◆ ASSIGNED TASK
Output, word for word, every line from the line with "CloudTen now oversees" through the final line of the data below.

◆ PROVIDED RECORDS
== Segment start ==

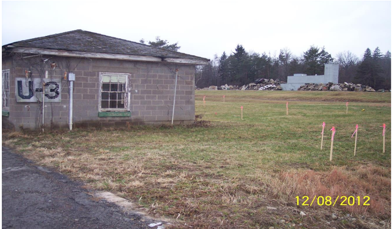
Photo of staked boring locations for Bldg. U-3 former USTs RV-15 and RV-16. Stakes in right forefront are staked borings for the UST investigation for CC-RVAAP-72-01.
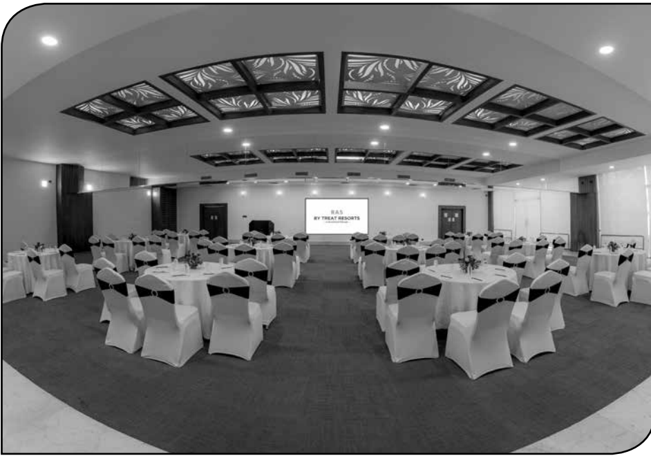
SAMMELAN - BANQUET HALL
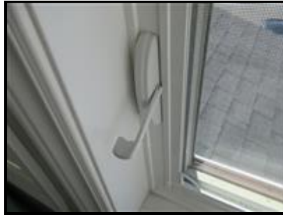
8.7 Picture 1

(2) There appears to have been some slight past seepage above a back basement window. I understand that the caulking outside had failed. The present owner has since recaulked. This should be monitored and kept well caulked.
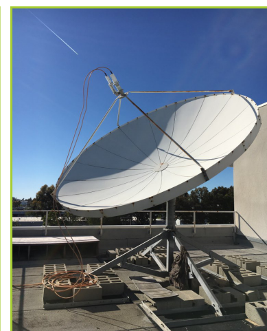
(3) DH RX STEERABLE SATELLITE DISHES
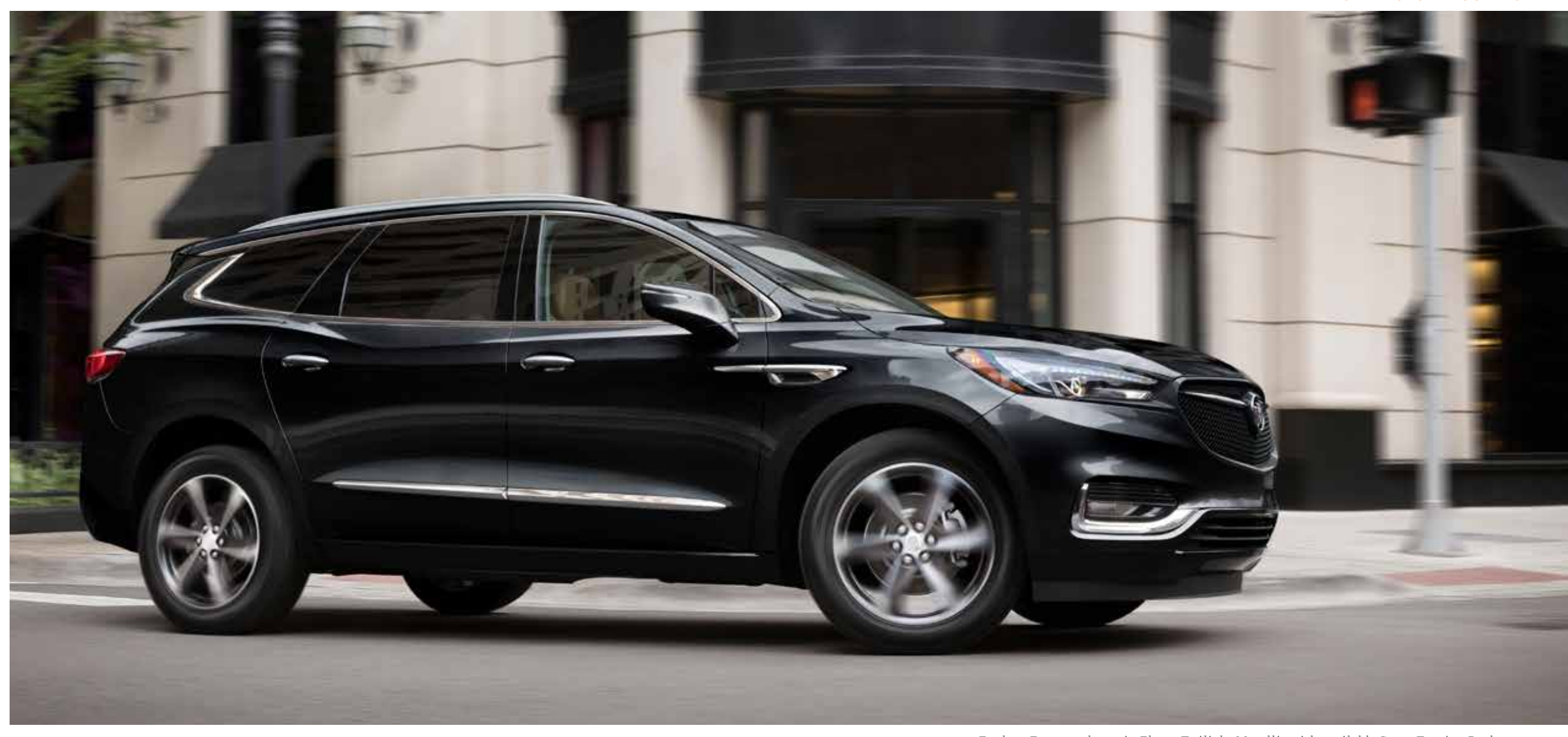
Enclave Essence shown in Ebony Twilight Metallic with available Sport Touring Package.
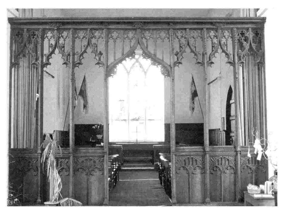
FIG. 63 - Laxfield Church: chancel screen.

Gildes, yerdayes, buryngges and other drynkngges necessary to the profyte of the seid church or p[ar]isshe<sup>*</sup> (Fig. 64).<sup>24</sup> It is curious that these concerns were still in the minds of the Fressingfield parishioners as late as this, given that the extant nave benching must have been put in place during the last quarter of the fifteenth century. Moreover, there exists some documentary evidence for a predecessor to the present gildhall, although there is no absolute certainty of its precise location. An early-sixteenth-century deed suggests that another reason for the construction of a new gildhall was the inconvenience of the distance between the church and 'le olde Gildhall'.<sup>25</sup> Sixteenth- and seventeenth-century legal evidence has been cited to suggest that the location of the latter was that of Bridge Cottage, near the vicarage.<sup>26</sup> Therefore it is not clear why the parish should have needed a new gildhall at this juncture, unless, as is likely, its predecessor was no longer big enough.
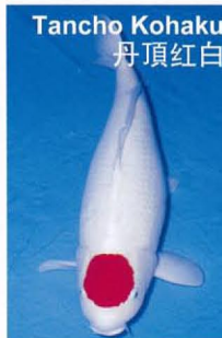
Tancho Kohaku 丹顶红白 A white Koi with only one circular red marking on the head. 头部有圆形红色纹样的鲤鱼。
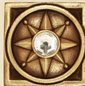
Compass Rose Crystal, Bronze 124CRC-B
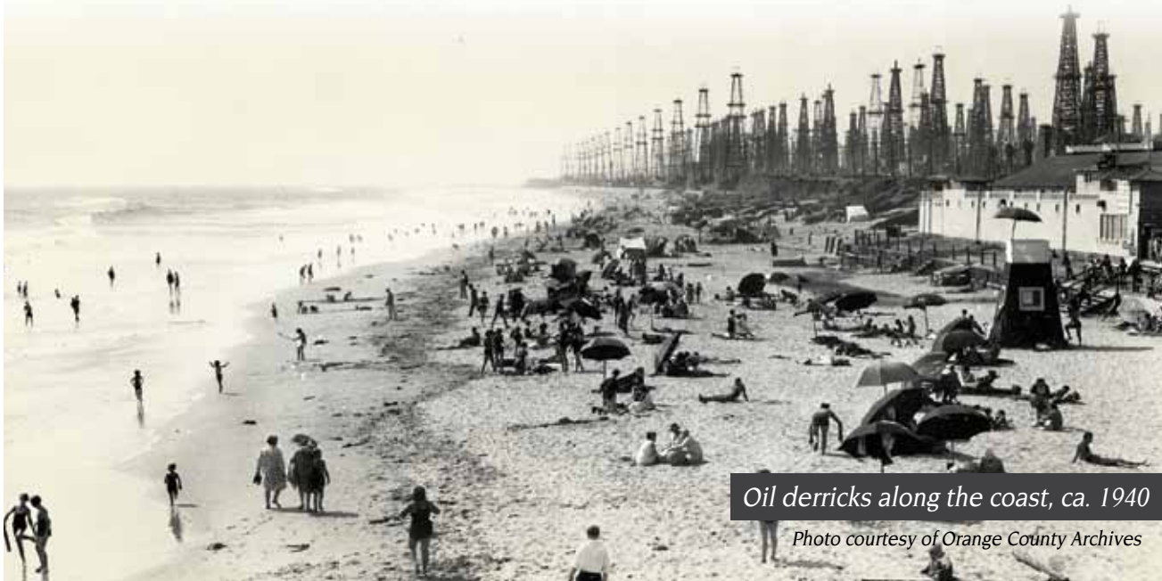
Oil derricks along the coast, ca. 1940

Camping — Huntington State Beach is for day use only. Bolsa Chica has more than 50 campsites with electric and water hookups for self-contained RVs. Tent camping is not allowed. For RV camping reservations, call (800) 444-7275 or visit www.parks.ca.gov up to seven months in advance.
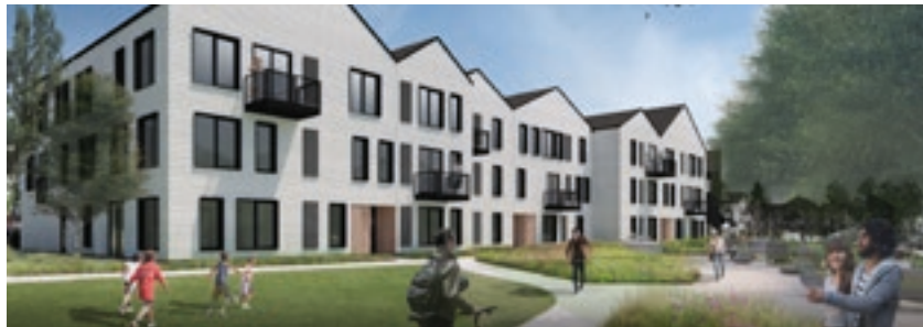
CloudTen now oversees day-to-day management of Killian Pacific’s Ninebark, a sustainably designed community Clark County, Wash

Founded by the principals of San Diego-based Sunrise Management, CloudTen Residential was formed in the wake of the COVID-19 pandemic to provide a more streamlined, customized and tech-driven approach to multifamily management.

== Segment end ==

◆ SOLUTION FOR THIS TASK
CloudTen now oversees day-to-day management of Killian Pacific’s Ninebark, a sustainably designed community Clark County, Wash

Founded by the principals of San Diego-based Sunrise Management, CloudTen Residential was formed in the wake of the COVID-19 pandemic to provide a more streamlined, customized and tech-driven approach to multifamily management.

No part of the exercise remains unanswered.